Security Testing is the process of evaluating and testing an information system, network, or web application to find vulnerabilities, weaknesses, or compliance issues that could be exploited or lead to a potential breach or loss of data, affecting the system's information security.
Separation of Duties
Separation of Duties (SoD) is a key concept of internal controls and is the most common way to prevent or detect internal fraud. The principle of SoD is that no employee or group should be in a position to both perpetrate and conceal errors or fraud in the normal course of their duties. In general, the flow of responsibilities should be organized so that the successful completion of a process requires the participation of two or more individuals or departments.
Social engineering is a tactic that adversaries use to trick you into revealing sensitive information. They can solicit a monetary payment or gain access to your confidential data. Social engineering can be combined with any of the threats listed above to make you more likely to click on links, download malware, or trust a malicious source.
Spear phishing is an email or electronic communications scam targeted towards a specific individual, organization or business. Although often intended to steal data for malicious purposes, cybercriminals may also intend to install malware on a targeted user’s computer.
StateRAMP is an independent non-profit organization that provides a security framework similar to FedRAMP, but intended for use by state, local, tribal, and territorial governments. Its purpose is to standardize, streamline, and improve cybersecurity risk management.
Supply Chain Attack
A Supply Chain Attack is a cyber attack that seeks to damage an organization by targeting less-secure elements in the supply network.
System hardening is the process of securing a system by reducing its surface of vulnerability. This is typically accomplished by removing unnecessary software, unnecessary usernames or logins and the disabling or removal of unnecessary services.
Threat Hunting refers to the proactive search for malware or attackers lurking in a network. Unlike other forms of threat detection, threat hunting is unique in that it is performed by human analysts and involves the proactive identification of adversaries rather than waiting for automated alerts.
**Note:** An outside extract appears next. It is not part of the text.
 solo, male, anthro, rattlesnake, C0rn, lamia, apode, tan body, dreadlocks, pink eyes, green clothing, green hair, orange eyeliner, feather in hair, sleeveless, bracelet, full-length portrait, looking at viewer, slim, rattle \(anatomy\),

Threat Intelligence, in the context of cybersecurity, is knowledge that allows you to prevent or mitigate cyber attacks. It is the process of using tools, techniques and intelligence to understand and analyze potential threats that could harm the organization.
Transport Layer Security (TLS) / Secure Sockets Layer (SSL)
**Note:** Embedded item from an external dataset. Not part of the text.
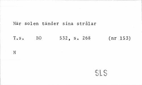 //// Nar solen tänder sina strålar //// T.s. BO 532, s. 268 (nr 153) //// N //// SLS ////

SSL and TLS are cryptographic protocols designed to provide communications security over a computer network. Websites use TLS to secure all communications between their servers and web browsers. SSL is the predecessor to TLS.
Two-Factor Authentication (2FA)
A security measure that requires two distinct methods, or factors, to verify a user's identity. This process provides a higher level of security than single-factor authentication (SFA), which typically involves only a password or passcode. The two factors in 2FA can include something the user knows, such as a username and password, and something the user has, like a smartphone app to approve authentication requests. The objective of 2FA is to enhance the protection of both the user's credentials and the resources the user can access.
Virtual Local Area Network (VLAN)
A virtual LAN (VLAN) is any broadcast domain that is partitioned and isolated in a computer network at the data link layer (OSI layer 2). VLANs work by applying tags to network frames and handling these tags in networking systems – creating the appearance and functionality of network traffic that is physically on a single network but acts as if it is split between separate networks.
Virtual Private Network (VPN)
A VPN extends a private network across a public network and enables users to send and receive data across shared or public networks as if their computing devices were directly connected to the private network. It provides a secure tunnel for your internet connection, protecting your data from attackers.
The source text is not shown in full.